《土地褒めに込めた思い》

二条のきさきのまた東宮のみやすんところと申しける時に、おほはらのにまうてたまひける日よめる なりひらの朝臣

おほはらやをしほのやまもけふこそはかみよのこともおもひいつらめ (871)

大原や小塩の山も今日こそは神世の事も思ひ出づらめ

「二条の后がまだ東宮の御息所と申した時に、大原野に詣でなさった日詠んだ 業平の朝臣
大原よ。小塩の山も今日は神代の事も思い出しているのだろうが・・・。」

「(大原)や」は、間投助詞で詠嘆を表す。「(山)も」は、係助詞で類似を表す。「(今日)こそは」の「こそ」は、係助詞で強調を表し係り結びとして働き文末を已然形にし次の文に逆接で繋げる。

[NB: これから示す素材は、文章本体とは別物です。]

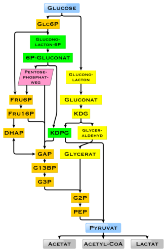 Von 1850 bis 1857 führte Claude Bernard Studien über Glykogen und Zuckerbildung in der Leber durch.[24] Für die Aufklärung des Stoffwechsels der Glucose erhielt Otto Meyerhof 1922 den Nobelpreis für Physiologie oder Medizin.[25] Hans von Euler-Chelpin erhielt zusammen mit Arthur Harden im Jahr 1929 den Nobelpreis für Chemie für ihre Forschung über die „Zuckervergärung und deren Anteil der Enzyme an diesem Vorgang“.[26][27] Im Jahr 1947 erhielten Carl und Gerty Cori für ihre Entdeckung der Wiederverwertung der im Muskel durch Glycolyse produzierten Milchsäure für die Gluconeogenese und Glycogensynthese in der Leber sowie Bernardo Houssay für seine Entdeckung der Rolle der Hypophysenhormone im Glucosestoffwechsel den Nobelpreis für Physiologie oder Medizin.[28][29][30] Für die Entdeckung der aus Glucose gebildeten Zucker-Nukleotide bei der Biosynthese von Kohlenhydraten erhielt Luis Leloir im Jahr 1970 den Nobelpreis für Chemie.[31]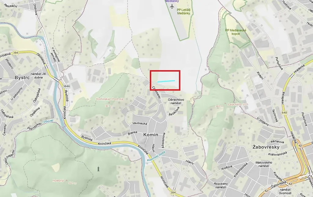 V kú Komín na LV 2310 se jedná o tento pozemek: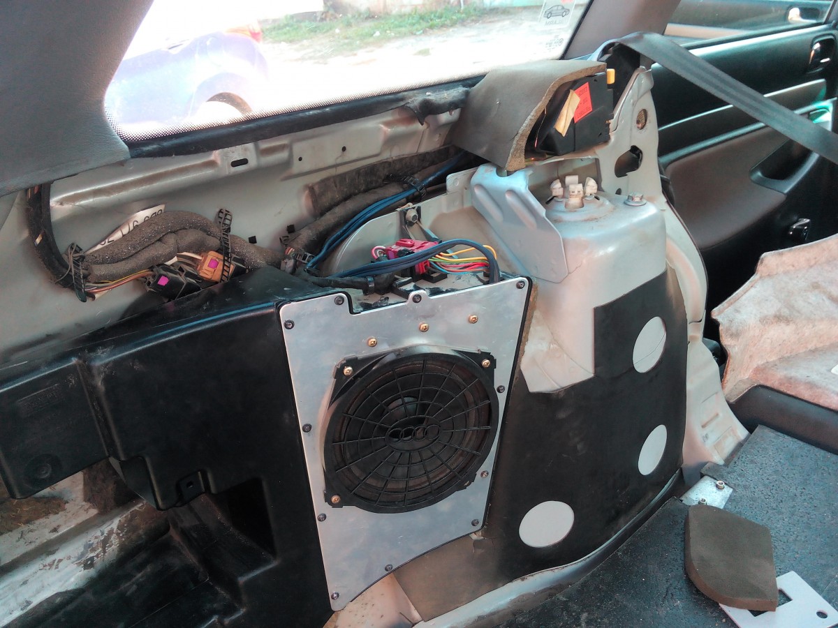даже и не знаю с чего начать... всё началось с того, что мне не нравился звук только от передних колонок, было принято решение купить динамики в задние двери, сняв обшивку задних дверей я обнаружил там заводские динамики, но проводов к ним не шло никаких, так как обшивка уже была снята, я решил протянуть туда провод от магнитолы, нашёл дома 7метров провода и вуаля звук из унылого говна превратился в весьма приятный басистый и довольно объёмный. Прошло пару недель, пока я начитался всякой литературы на форумах и т.д. , не суть, главное то что я уже был уверен что в багажнике у меня есть саб, который молчал((( вскрытие показало что он даже с пучком проводов, из десяти проводов 2 были питающие, проверив тестером я даже удивился на саб приходило 12V, попытки проследить оставшиеся 8 проводов не увенчались успехом, возможно причина ещё в том что я был один и мне нужно было всё успеть собрать до поездки на работу(ночная смена) . Короче протянул я обычный акустический провод один от правого, другой от левого канала задних колонок и повесил их возле магнитолы на обычную скрутку. На сабе не нашёл на какие из 8-ми проводов повесить(вход) и принял решение вешать на прямую на динамик саба. Получается работает не заводской сабовский усилок, а усилок магнитолы. Звук стал на порядок объёмнее и басовитее. Может что и переделаю позже, но не по такой погоде этим заниматься))) доживём до весны, а там будет видно. тем более есть проблемы поважнее, такие как замена управляющей форсунки, замена свечей накала, а вот это пожалуй самое важное замена гидрокомпенсаторов на второй половине двигателя, но на всё это пока нет средств(((. Фотки сделал всего 4, так что кидаю всё что есть...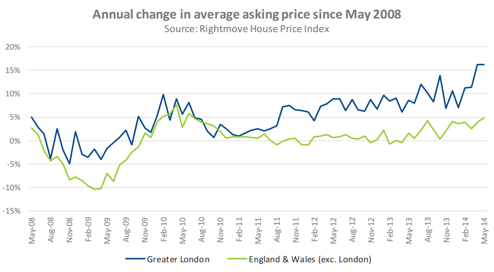 Average house prices across the UK increased by 10.5% in the year to May 2014, according to the latest ONS stats. That's up from an increase of 9.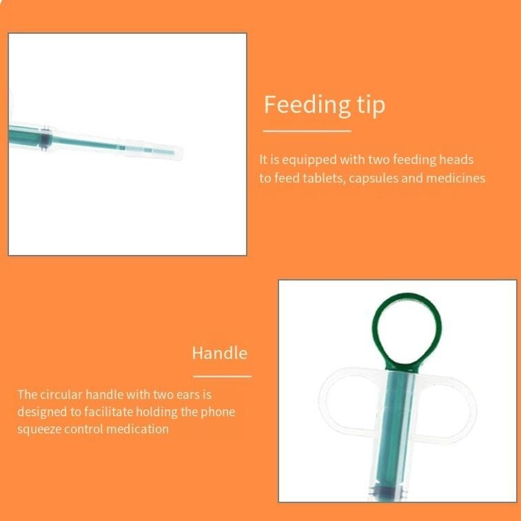 4. Every Single product match 2 silicone tube. the open one can hold the pills, the one that doesn't open is used to feed the liquid. The tip of the medicine feeder is made from delicate and comfortable soft silicone, when given medicines will not hurt the teeth, gums and cheeks.Especially for feeding water,liquid medicines,solid medicines, pills, capsules to pets and More.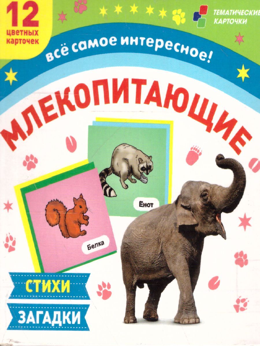 12 развивающих карточек. Млекопитающие. С картинками, стихами и загадками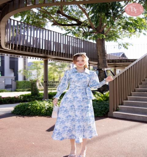 DETAIL : เดรสยาวคลุมเข่าคอปกกระดุมหน้าแต่งแขนยาวปลายแขนสม็อค ตรงกลางเอวแต่งจับจีบระบายเป็นชั้นติดโบ ใช้งานผ่านซิปหลัง มีซับใน งานคุณภาพอย่างดีคัตติ๊งสวย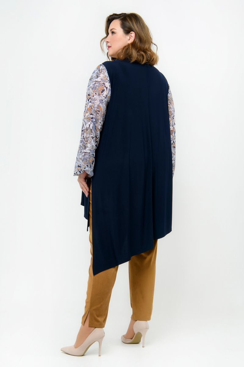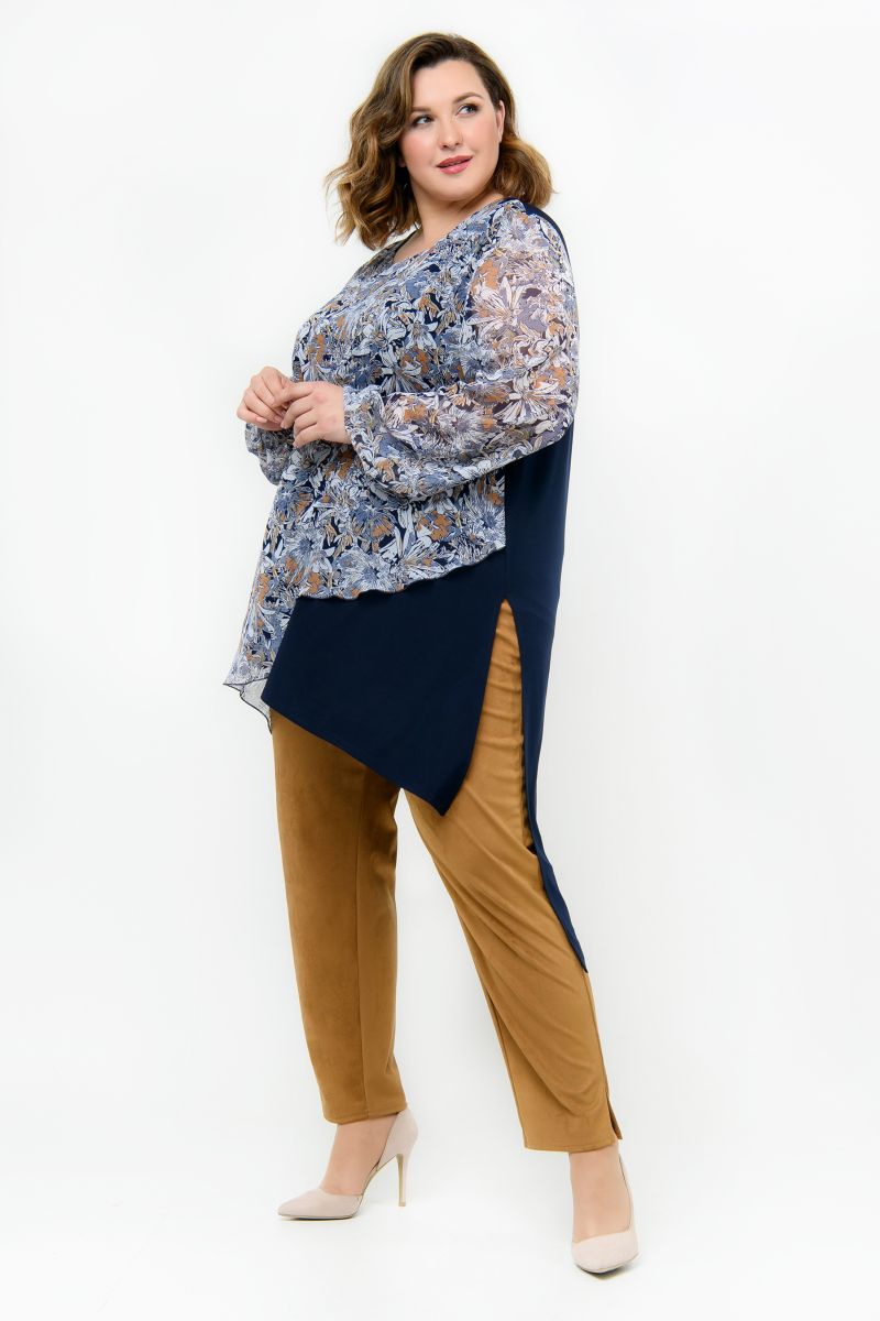 Стильная многоуровневая туника из легкого темно-синего трикотажа, комбинированного с принтованым шифоном . Внутренняя часть переда и спинка из трикотажа, верхняя часть переда и рукава из шифона. В боковых швах разрезы. Линия низа асимметричная. Рукав длинный, свободный, на резиночке по низу.  Грамотно проработанные разноуровневые вертикали правильно корректируют и зрительно вытягивают силуэт.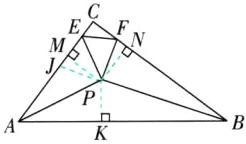 4【解析】如图,过点P作PM⊥AC于M,PN⊥BC于N,PK⊥AB于K,则∠C = ∠PMC = ∠PNC = 90°.在EA上取一点J,使得MJ = FN,连接PJ.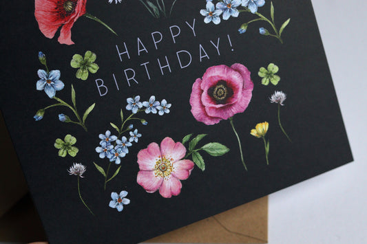 Dark Botanical Happy Birthday Card for Mum Grandma Friend Sister, Floral Watercolour Illustrated Wildflowers Greetings Card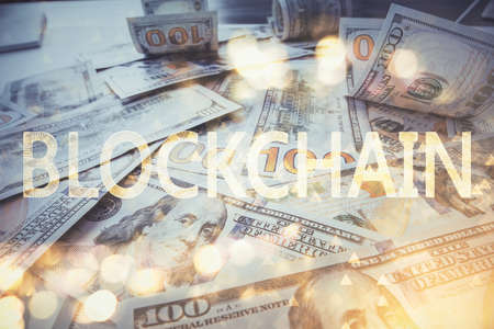 Multi exposure of crypto theme drawing over us dollars bill background. Concept of blockchain success.

「は」は、係助詞で取り立てを表す。「(事)も」は、係助詞で類似を表す。「(思ひ出づ)らめ」は、助動詞「らむ」の已然形で現在推量を表す。
東宮の御息所が参詣された大原野神社よ。小塩の山も御息所が参詣する今日こそはそれを祝うだけでなく、神代の事も思い出しているのでしょう。しかし、それだけではありません。私もあなたと今日こうして逢えたことを喜ぶだけでなく、あの尊い昔のことも思い出しています。そして、きっとあなたもそうであると信じています。
まず「大原や」と言い、御息所が訪れた大原野神社を讃える。大原野神社は、小塩の山の麓にある藤原氏ゆかりの神社である。「神代の事」とは、ニニギの命が天降りの時に藤原氏の祖神であるアメノコヤネの命が補佐したことを言う。したがって、この歌は、藤原氏が今でも栄えている事への賛辞になっている。これがこの歌の公的な役割である。ただし、この歌には、それだけではない私的な含みがある。それをまず「(小塩の山)も」と「(神代の事)も」の二つの「も」により暗示する。次に「こそ」による係り結びによって、「思ひ出づ」何かが他にもあることを暗示する。それは、この歌を贈られた二条の后だけにわかるの何かである。したがって、歌はそれ自体で十分な贈り物になるのである。編集者は、こうした表現の二重構造を評価したのだろう。ちなみに、『伊勢物語』七六段では、この歌が詠まれた経緯を二条の后と業平の若い頃の恋の逃避行を暗示する物語に仕立てている。

コメント

  1. すいわ より:

    風景を詠み込んだ寿ぎの歌。表向きには誰もが雄大な光景と連綿と続く時間を思い描く訳ですが、“も”のたった一文字で特定の人には別のメッセージとして伝わる。見事なダブルフェイスの歌をたった三十一文字で成し遂げる才気に圧倒されます。こんなやり取りで意思疎通していた平安人たち、敵いませんね。こんな歌を読んだら物語に編まずにいられなかったのでしょう。『伊勢物語』の中でも第七十六段、強く印象に残っています。コメント書くのにも力が入った事を思い出しました。

    • 山川 信一 より:

      『伊勢物語』の作者は、この歌から想像力を膨らませてのでしょうね。第七六段のコメントを読み返してみました。素晴らしい鑑賞でしたね。読んでいない方がいたら、是非読むことをお勧めします。